_TASK DETAILS_: The material below is to be copied exactly from the line with "表冠设计极具诗意,气泡般圆润" up to and including the line with "SMMP 2.0는 황금", with nothing else kept and no pictures.

_SUPPLIED INFORMATION_:
+++
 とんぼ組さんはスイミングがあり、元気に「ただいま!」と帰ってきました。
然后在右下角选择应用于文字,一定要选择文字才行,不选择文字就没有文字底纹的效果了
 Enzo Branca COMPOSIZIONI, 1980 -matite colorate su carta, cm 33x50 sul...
+++
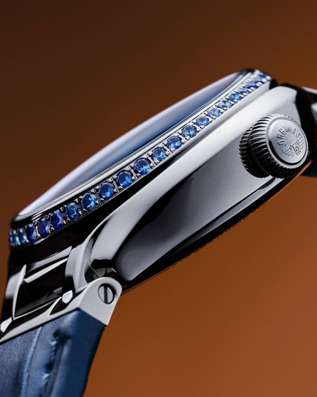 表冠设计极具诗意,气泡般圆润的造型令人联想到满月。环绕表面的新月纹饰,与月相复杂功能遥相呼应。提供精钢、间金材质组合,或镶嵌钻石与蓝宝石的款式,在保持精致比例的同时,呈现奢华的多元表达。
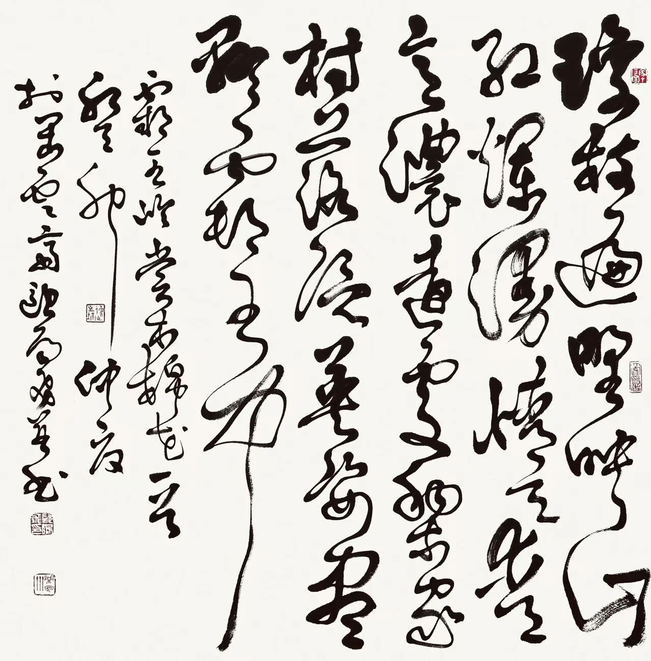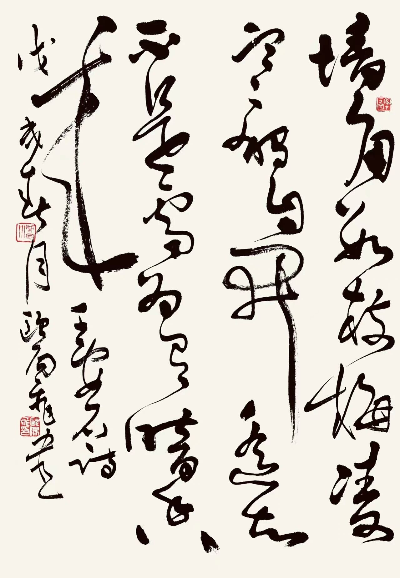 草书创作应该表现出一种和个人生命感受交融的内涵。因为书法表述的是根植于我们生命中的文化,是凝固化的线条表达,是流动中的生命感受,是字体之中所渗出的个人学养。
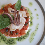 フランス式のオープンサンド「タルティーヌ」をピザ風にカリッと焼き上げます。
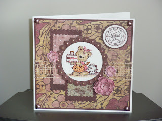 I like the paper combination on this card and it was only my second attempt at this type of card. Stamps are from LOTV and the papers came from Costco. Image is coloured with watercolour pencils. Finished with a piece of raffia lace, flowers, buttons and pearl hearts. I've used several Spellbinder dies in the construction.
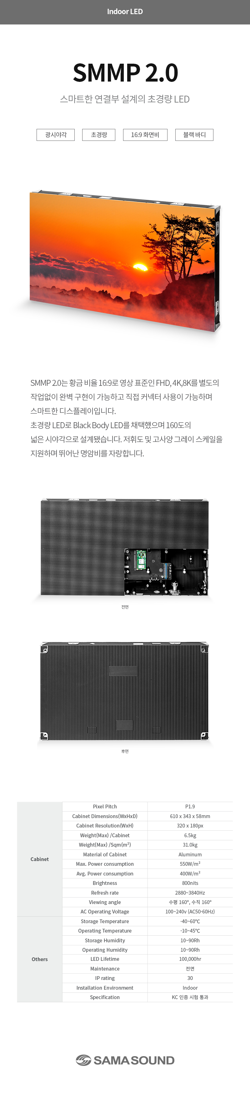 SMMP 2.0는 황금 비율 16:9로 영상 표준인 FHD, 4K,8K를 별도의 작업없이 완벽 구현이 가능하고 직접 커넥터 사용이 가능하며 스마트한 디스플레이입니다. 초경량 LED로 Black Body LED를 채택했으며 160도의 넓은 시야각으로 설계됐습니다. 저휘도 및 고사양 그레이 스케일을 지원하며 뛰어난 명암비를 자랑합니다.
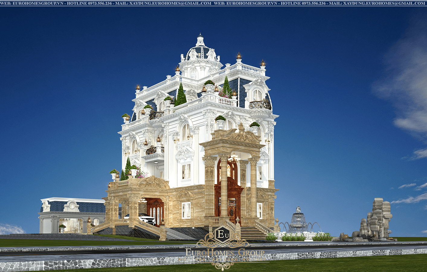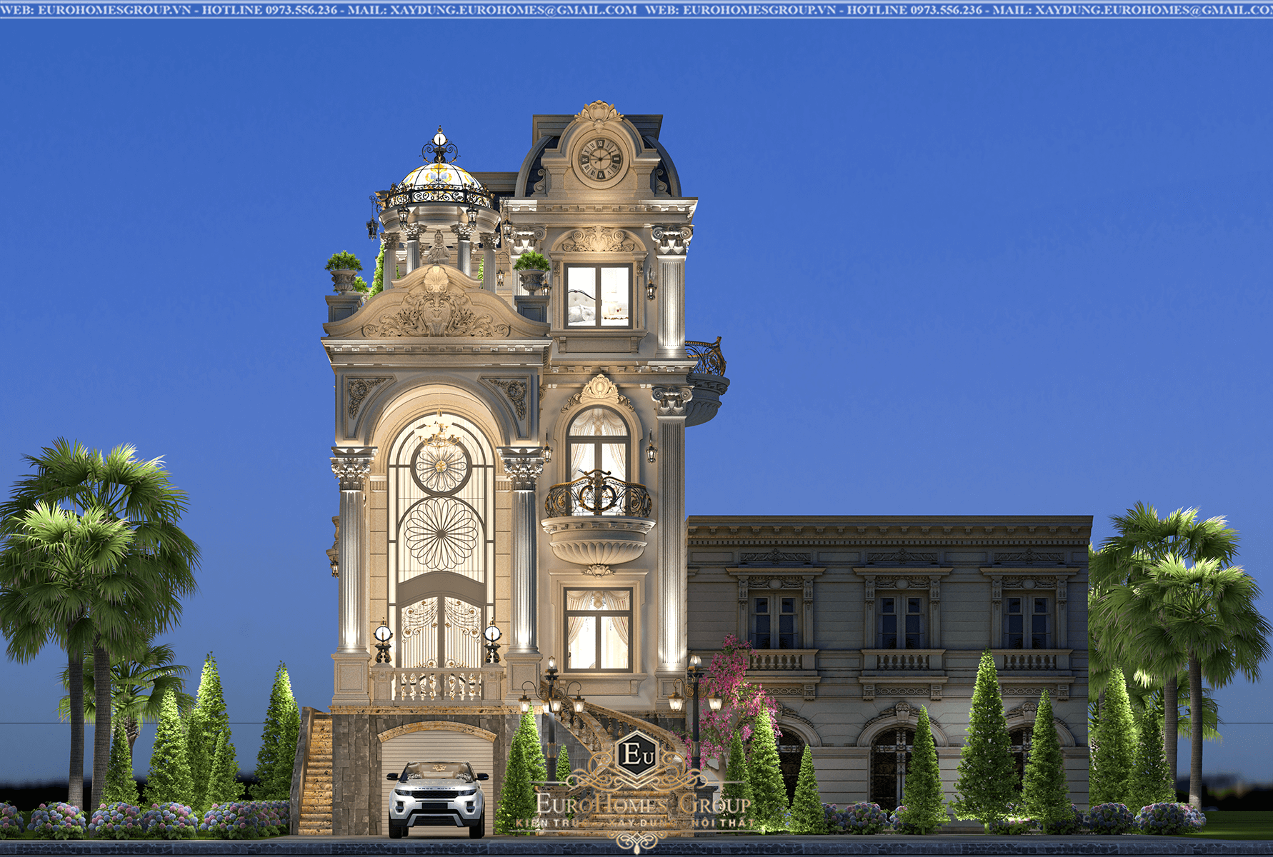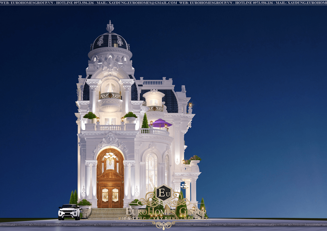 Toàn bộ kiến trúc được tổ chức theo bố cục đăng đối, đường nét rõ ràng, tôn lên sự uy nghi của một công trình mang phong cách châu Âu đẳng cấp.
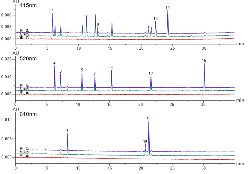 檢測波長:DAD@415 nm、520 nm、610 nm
+++
_YOUR SOLUTION_:
 表冠设计极具诗意,气泡般圆润的造型令人联想到满月。环绕表面的新月纹饰,与月相复杂功能遥相呼应。提供精钢、间金材质组合,或镶嵌钻石与蓝宝石的款式,在保持精致比例的同时,呈现奢华的多元表达。
 草书创作应该表现出一种和个人生命感受交融的内涵。因为书法表述的是根植于我们生命中的文化,是凝固化的线条表达,是流动中的生命感受,是字体之中所渗出的个人学养。
 フランス式のオープンサンド「タルティーヌ」をピザ風にカリッと焼き上げます。
 I like the paper combination on this card and it was only my second attempt at this type of card. Stamps are from LOTV and the papers came from Costco. Image is coloured with watercolour pencils. Finished with a piece of raffia lace, flowers, buttons and pearl hearts. I've used several Spellbinder dies in the construction.
 SMMP 2.0는 황금 비율 16:9로 영상 표준인 FHD, 4K,8K를 별도의 작업없이 완벽 구현이 가능하고 직접 커넥터 사용이 가능하며 스마트한 디스플레이입니다. 초경량 LED로 Black Body LED를 채택했으며 160도의 넓은 시야각으로 설계됐습니다. 저휘도 및 고사양 그레이 스케일을 지원하며 뛰어난 명암비를 자랑합니다.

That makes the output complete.